Helping At-Risk Students: Gates Foundation Initiative Promotes Earning Associate’s Degrees in High School

By Elizabeth Quinn

Keeping high-risk students motivated and in school has long been a challenge for educators.  Rising to this challenge, the Early College High School Initiative was begun in 2002 with support of the Bill and Melinda Gates Foundation.  The Early College Initiative’s philosophy is that at-risk students need programs to challenge them and provide an incentive for them to remain in school.  Early College programs don’t merely allow students to earn a few college credits for advanced courses; they allow students to earn associate’s degrees while they are in high school, at no cost to themselves or their parents. 

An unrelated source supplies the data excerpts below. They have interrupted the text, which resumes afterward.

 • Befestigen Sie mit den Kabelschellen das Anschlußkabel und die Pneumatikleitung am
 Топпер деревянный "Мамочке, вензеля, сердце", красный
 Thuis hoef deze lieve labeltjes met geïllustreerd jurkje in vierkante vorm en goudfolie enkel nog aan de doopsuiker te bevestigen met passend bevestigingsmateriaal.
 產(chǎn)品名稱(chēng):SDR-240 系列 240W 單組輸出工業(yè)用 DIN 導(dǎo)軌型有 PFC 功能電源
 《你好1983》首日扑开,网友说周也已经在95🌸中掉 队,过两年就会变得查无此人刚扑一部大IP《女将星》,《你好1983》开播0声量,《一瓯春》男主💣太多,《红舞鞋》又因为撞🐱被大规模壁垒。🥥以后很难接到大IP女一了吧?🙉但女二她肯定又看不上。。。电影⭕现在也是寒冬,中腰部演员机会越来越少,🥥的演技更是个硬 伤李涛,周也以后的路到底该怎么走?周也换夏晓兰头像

By graduating with both a high school diploma and an associate’s degree graduates of these programs get a head start in the job market.  In addition, they have the academic foundation to succeed in earning a bachelor’s degree if they choose to do.  The opportunity to earn college credit and prepare for the job market for free is a powerful incentive to economically disadvantaged students, who often consider college beyond their reach both financially and academically. 

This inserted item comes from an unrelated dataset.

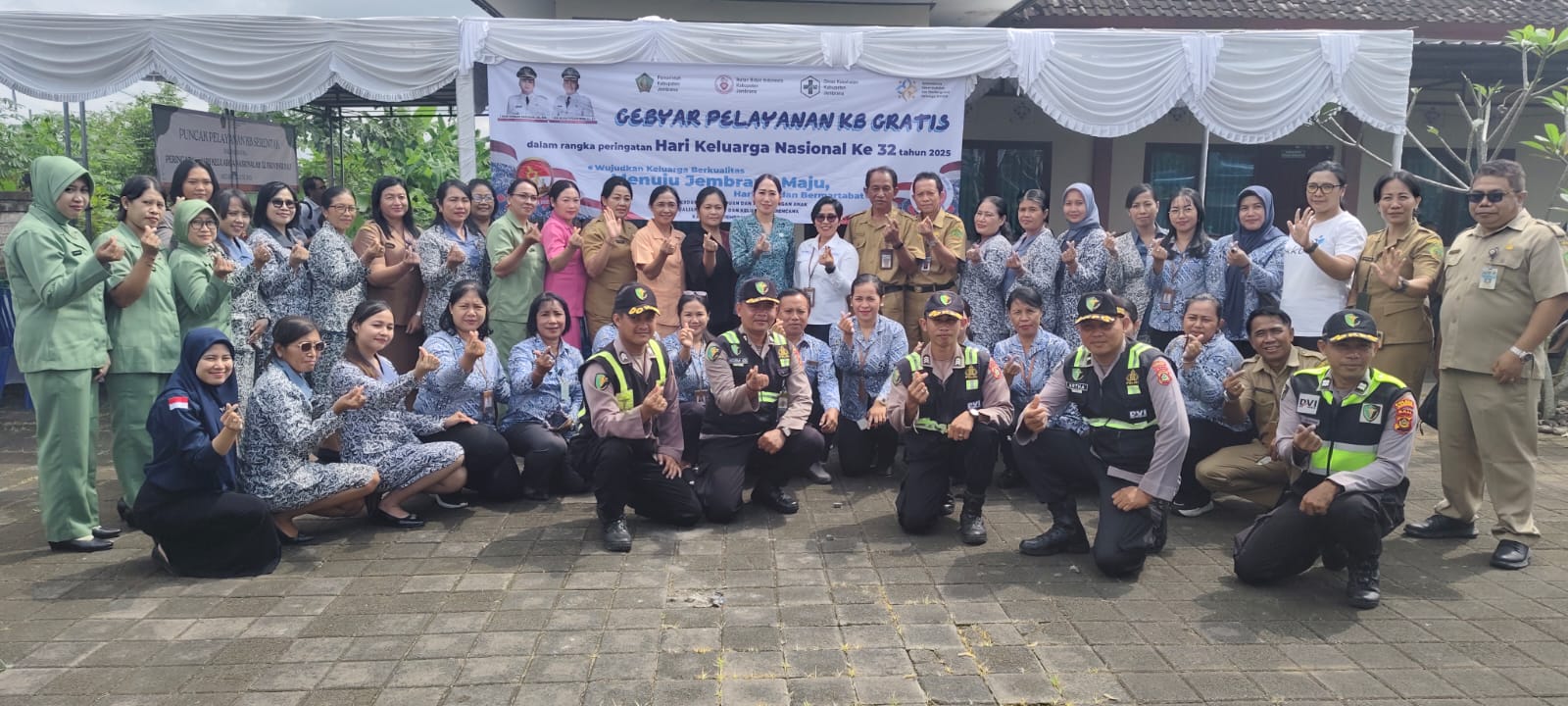 Sejumlah pejabat turut hadir memberikan dukungan, antara lain Kepala BKKBN Provinsi Bali dr. Ni Luh Gede Sukardiasih, M.For., M.A.R.S., Sekda Jembrana Drs. I Made Budiasa, M.Si., Kepala Dinas PPPA-PPKB Jembrana Ni Kade Ari Sugianti, S.Pd., M.Pd., Ketua Tim Penggerak PKK Kabupaten Jembrana yang juga Ibu Bupati Jembrana, serta Ketua Dharma Wanita, perwakilan organisasi profesi seperti IDI, IBI, dan Bhabinkamtibmas setempat.

Dr. V. Barbara Bush, Intermediary Project Director of Early College High Schools for the University of North Texas states “The students we want to attract are those who would not otherwise have the opportunity to go to college.  Once they are convinced to try this, the dropout rate from early college high schools is very low because it builds its own excitement for learning.”

Currently, over 200 schools in 24 states offer Early College Programs.  Twelve Early College High Schools are especially for students who had previously dropped out or had problems in a traditional high school.  Two-thirds of Early College students are African American or Hispanic.  Most students Early College Programs are the first person in their family to go to college.  As of 2009, twelve Early College High Schools specifically target and serve Native American students.

Thirteen partner organizations help organize and support the schools in the Early College Initiative.  Some like the Gateway to College National Network focus on helping disadvantaged students across the nation.  Others, like the Board of Regents of the University System of Georgia concentrate on a specific area of the country.  Partner organizations, such as the National Council of La Raza and the Center for Native Education focus on specific ethnic groups which have been academically underserved. 

Linda Campbell, Project Director of the Center for Native Education in Washington State, says, “The Early College High School Initiative has launched unprecedented collaboration among tribal communities, colleges, and schools to attain a single goal: increasing the college success of Native students.  The early college students in our network may make higher education achievement a new norm within a single generation.” The number of schools in the Native Education network continues to grow, with two more scheduled to opened in September 2010

North Carolina, a state which historically has had a high number of disadvantaged students, has the highest number of Early Colleges.  The North Carolina New Schools Projects currently has 69 Earn and Learn Early College schools across the state.  A new program opened this year is allowing high school students earn college credit by taking online courses offered by every high school in the state.

Texas had forty-one Early College schools across the state in the fall of 2009; the schools are concentrated in areas with high numbers of at-risk students.   The Texas Early College Program is an initiative of the Texas High School Project.  Most Texas Early College Programs are part of the nationwide Early College Initiative; some are not, but adhere to the ECHSI Core Principles and are funded by the Texas Education Agency. The Texas Education Agency is making approximately $3.6 million of additional funds available, so that eight more schools may enter the program.  Currently, Houston ISD, one of the state’s largest school districts, has five Early College campuses. 

Most Early College programs are held on the campus of the university or community college which is partnering with the school district to offer the program.  Enrollment in Early College programs is limited to a small number of students (no more than 400 per campus), so that each student can receive more individual attention and support.  Entrance requirements are based on motivation to succeed, more than on previous academic performance.  Once in the program students are expected to strive to meet high academic standards.

Program administrators do everything to help the young people succeed.  Students receive more support than they often would on a regular high school campus.  Tutoring and mentoring are readily available. 

Early College programs are still new, so their overall social and economic impact is yet to be felt.  Students in the programs are enthusiastic. Ashley Constantine, an eleventh grader at North Carolina’s Stanly Early College High School says, “My self-esteem and character have changed for the better … Had I not come here, I never would have had the confidence that I have now.  The love, support, and one-on-one student teacher interaction has made such a great difference in my life.”  Other students echo Ashley’s experience.  Early College programs promise to be both a social and economic success, setting at-risk students on a path to future success.